● **Required action**:
With the pictures removed, set down all of the entries below exactly.

● **Saved entries**:
___

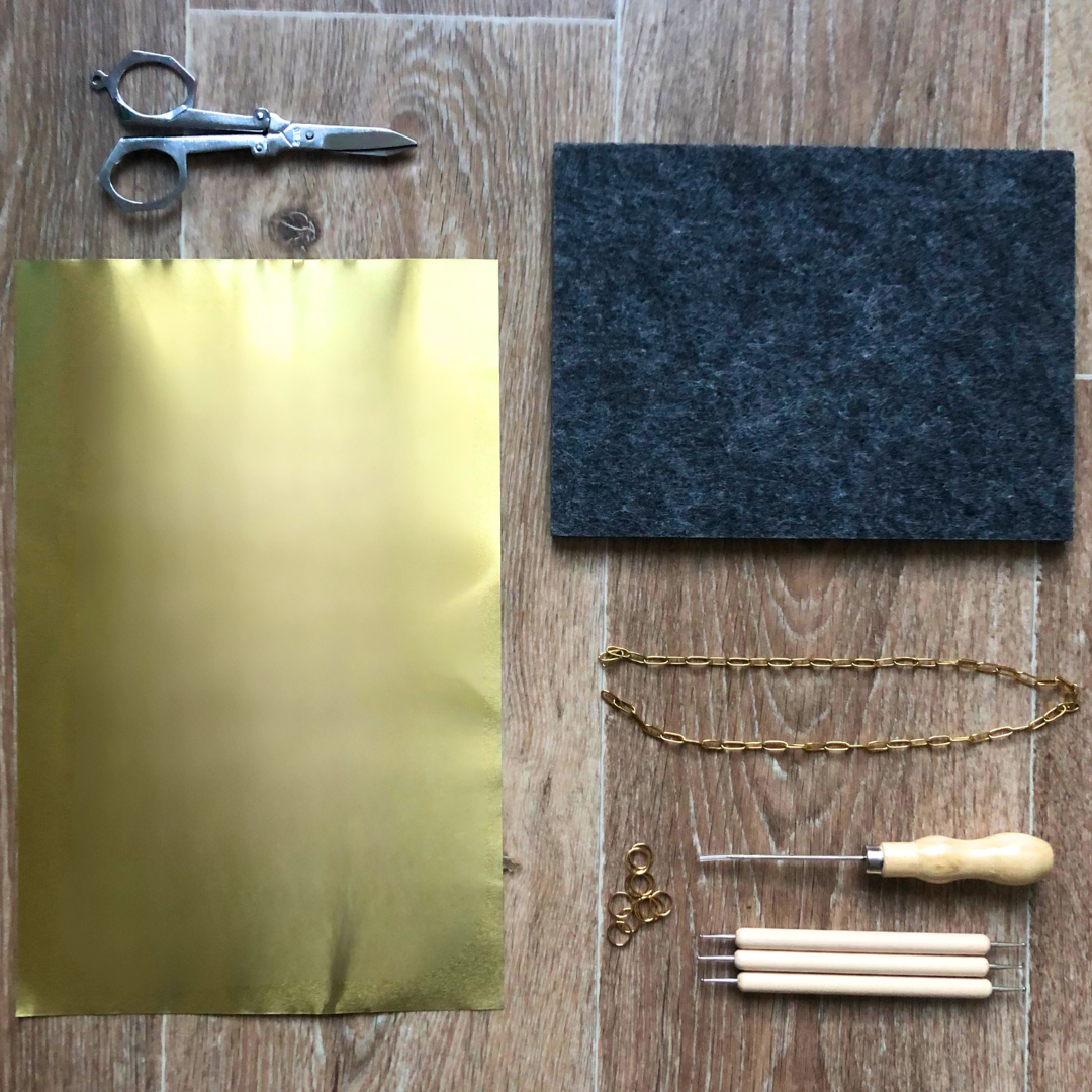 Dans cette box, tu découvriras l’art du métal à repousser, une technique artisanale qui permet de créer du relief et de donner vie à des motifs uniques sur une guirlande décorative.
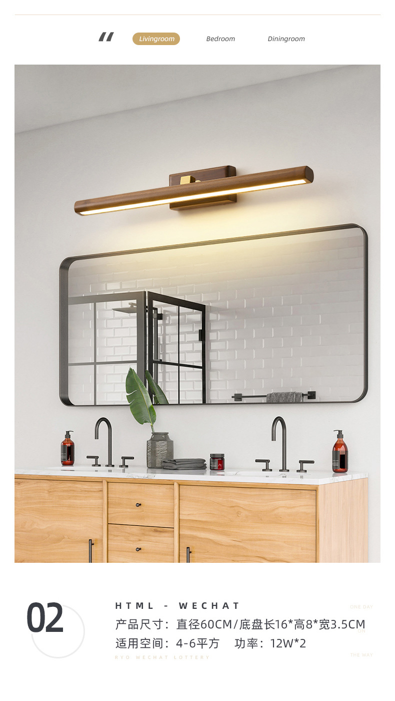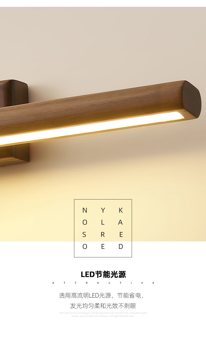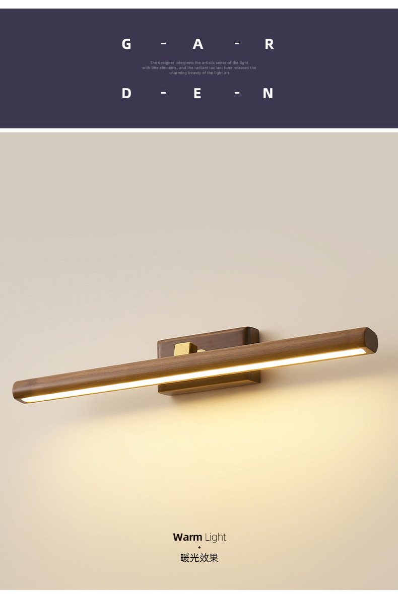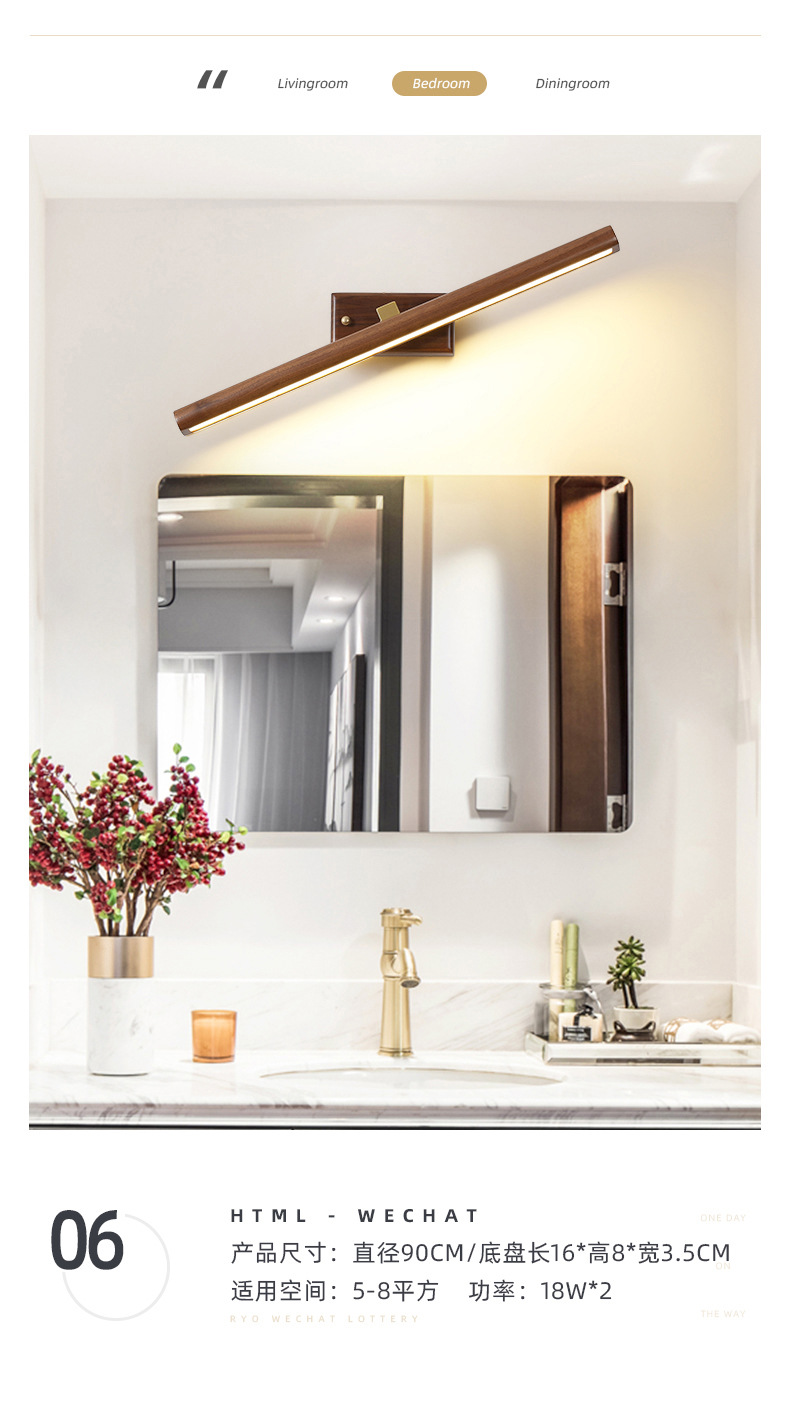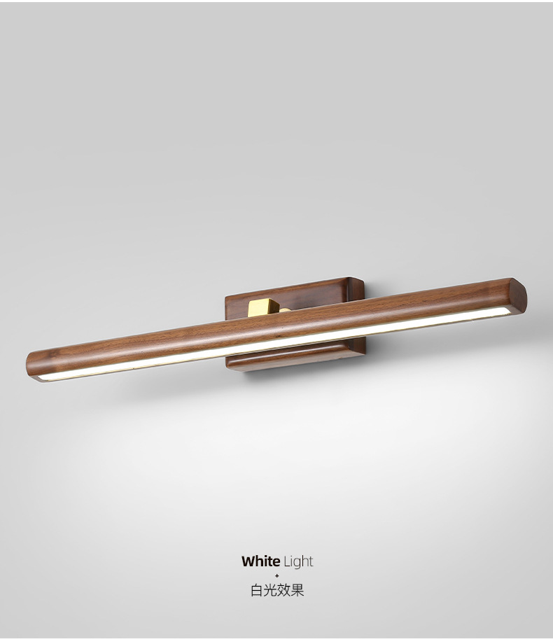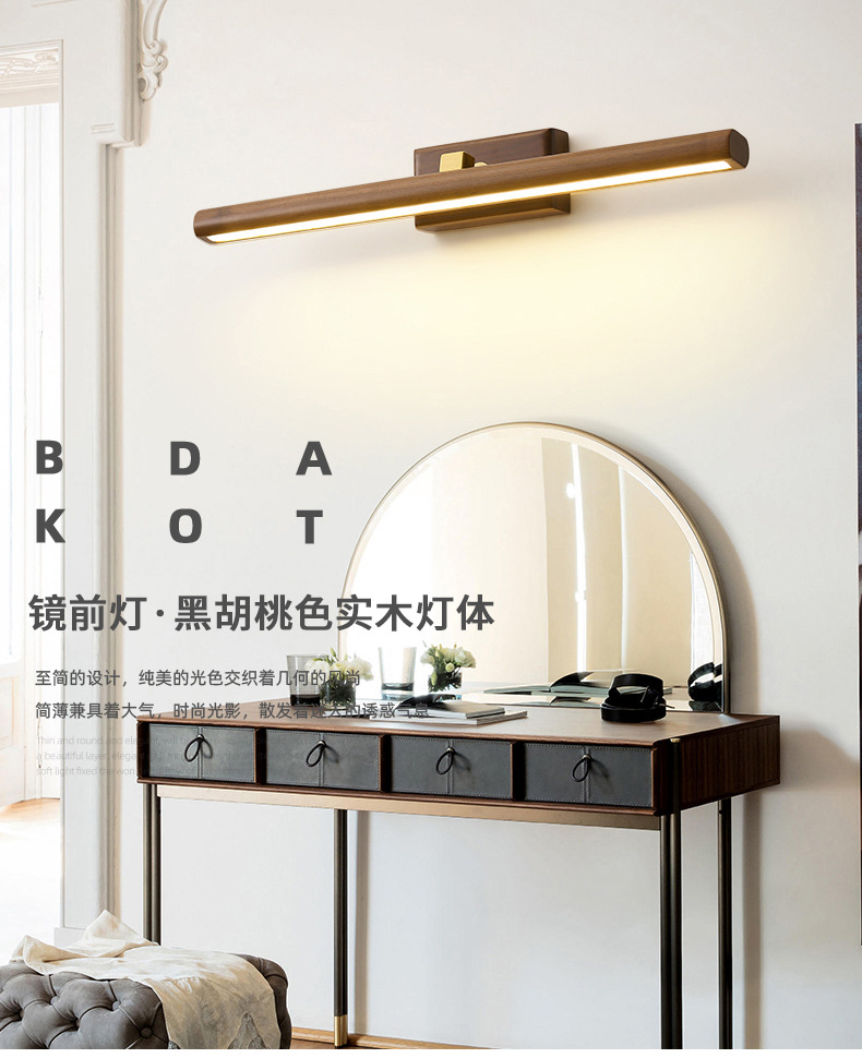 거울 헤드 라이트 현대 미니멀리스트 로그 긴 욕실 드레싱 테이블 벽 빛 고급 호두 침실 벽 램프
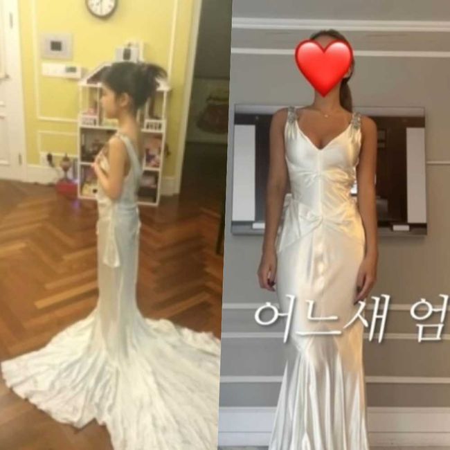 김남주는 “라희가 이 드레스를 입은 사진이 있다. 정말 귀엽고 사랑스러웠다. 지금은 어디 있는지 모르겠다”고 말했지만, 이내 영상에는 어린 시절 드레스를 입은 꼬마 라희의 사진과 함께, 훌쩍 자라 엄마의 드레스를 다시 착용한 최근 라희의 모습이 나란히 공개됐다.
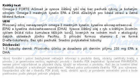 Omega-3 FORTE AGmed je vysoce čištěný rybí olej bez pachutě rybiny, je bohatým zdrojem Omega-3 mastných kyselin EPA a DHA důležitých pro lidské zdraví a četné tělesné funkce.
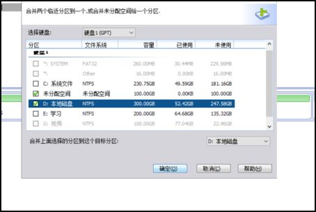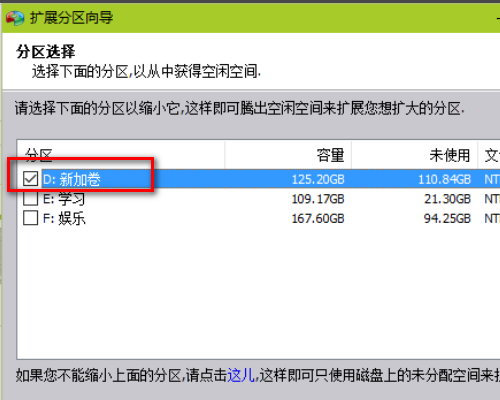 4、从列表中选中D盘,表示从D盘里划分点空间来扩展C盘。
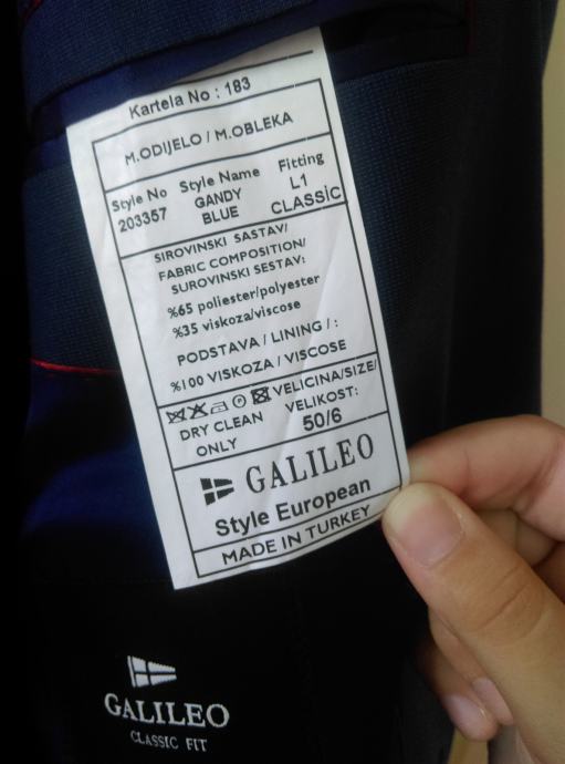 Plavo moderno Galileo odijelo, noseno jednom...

___

● **Result of this task**:
 Dans cette box, tu découvriras l’art du métal à repousser, une technique artisanale qui permet de créer du relief et de donner vie à des motifs uniques sur une guirlande décorative.
 거울 헤드 라이트 현대 미니멀리스트 로그 긴 욕실 드레싱 테이블 벽 빛 고급 호두 침실 벽 램프
 김남주는 “라희가 이 드레스를 입은 사진이 있다. 정말 귀엽고 사랑스러웠다. 지금은 어디 있는지 모르겠다”고 말했지만, 이내 영상에는 어린 시절 드레스를 입은 꼬마 라희의 사진과 함께, 훌쩍 자라 엄마의 드레스를 다시 착용한 최근 라희의 모습이 나란히 공개됐다.
 Omega-3 FORTE AGmed je vysoce čištěný rybí olej bez pachutě rybiny, je bohatým zdrojem Omega-3 mastných kyselin EPA a DHA důležitých pro lidské zdraví a četné tělesné funkce.
 4、从列表中选中D盘,表示从D盘里划分点空间来扩展C盘。
 Plavo moderno Galileo odijelo, noseno jednom...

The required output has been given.